Considering the worst case scenario,
one looks for `$s$` such that
`$$P_{\lambda_0}\left( \overline{X}\geq s \right)\leq \alpha \Rightarrow P_{\lambda_0} \left( n\overline{X}\geq ns \right)\leq \alpha$$`
Choose `$ns = q_{n\lambda_0,1-\alpha} \Rightarrow s = \frac{q_{n\lambda_0,1-\alpha}}{n}$`,

.blue[Application]
- `$\widehat{\lambda}=$`   2.3
- `$n=$` 20
- `$\alpha= 0.05$`
- `$q_{n\lambda_0,1-\alpha}=$` 57 `$\Rightarrow s=$` 2.85
--

.blue[Conclusion ?]

One does not reject the hypothesis that the proportion of infected bacteria is lower than 90\%

---

## Power of a test procedure

Recall that the test procedure is design such that:

- T1E is controlled at a given level,
- T2E is minimum given T1E is controlled.

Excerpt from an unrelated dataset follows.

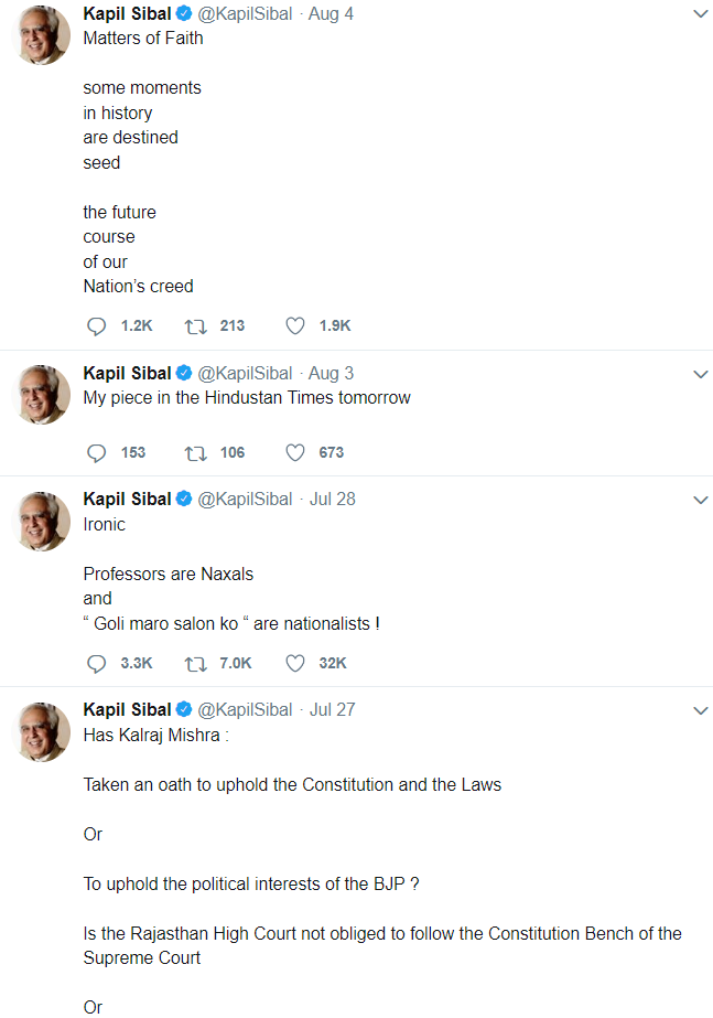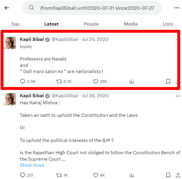 दावे के अनुसार, कपिल सिब्बल ने वायरल ट्वीट 29 जुलाई 2020 को शेयर किया था, इसीलिए इसके बारे में अधिक जानकारी के लिए हमने कपिल सिब्बल के आधिकारिक X हैंडल द्वारा 27 जुलाई 2020 और 31 जुलाई 2020 के बीच शेयर किए गए ट्वीट्स को खंगाला. इस प्रक्रिया में हमें यह जानकारी मिली कि कपिल सिब्बल ने इस बीच केवल 2 ट्वीट शेयर किए थे, जिनमें वायरल ट्वीट मौजूद नहीं है.
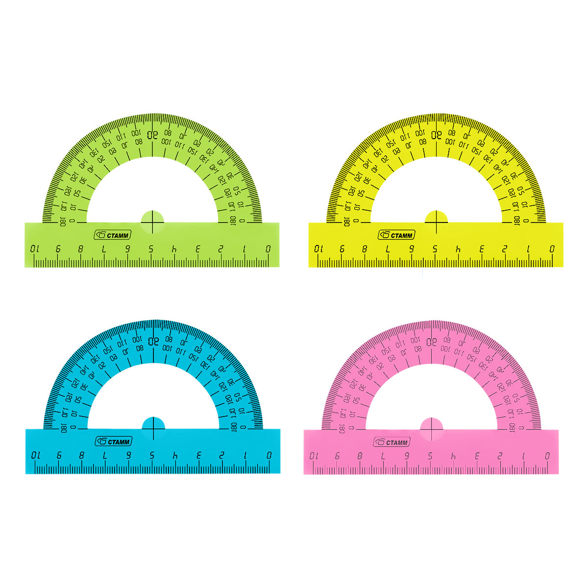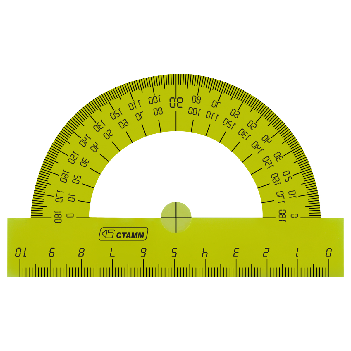 Транспортир СТАММ Neon Crystal – незаменим для чертёжных и измерительных работ. Окружность изделия – 180°, длина – 10 см. Товар является прочным. Отверстие для карандаша позволяет точно находить центр и вычерчивать окружность. У транспортира ровная и чёткая миллиметровая отливная шкала, безопасные закруглённые края и гладкая глянцевая поверхность.

T2E is minimum `$\Rightarrow$` `$P_{H_1}( \text{accept } H_0)$` is minimum `$\Rightarrow$` `$P_{H_1}(\text{reject} H_0)$` is maximum.

`$P_{H_1}(\text{reject } H_0)$` is the ability to reject `$H_0$` when it false.
This key quantity is called the __power__ of the test procedure.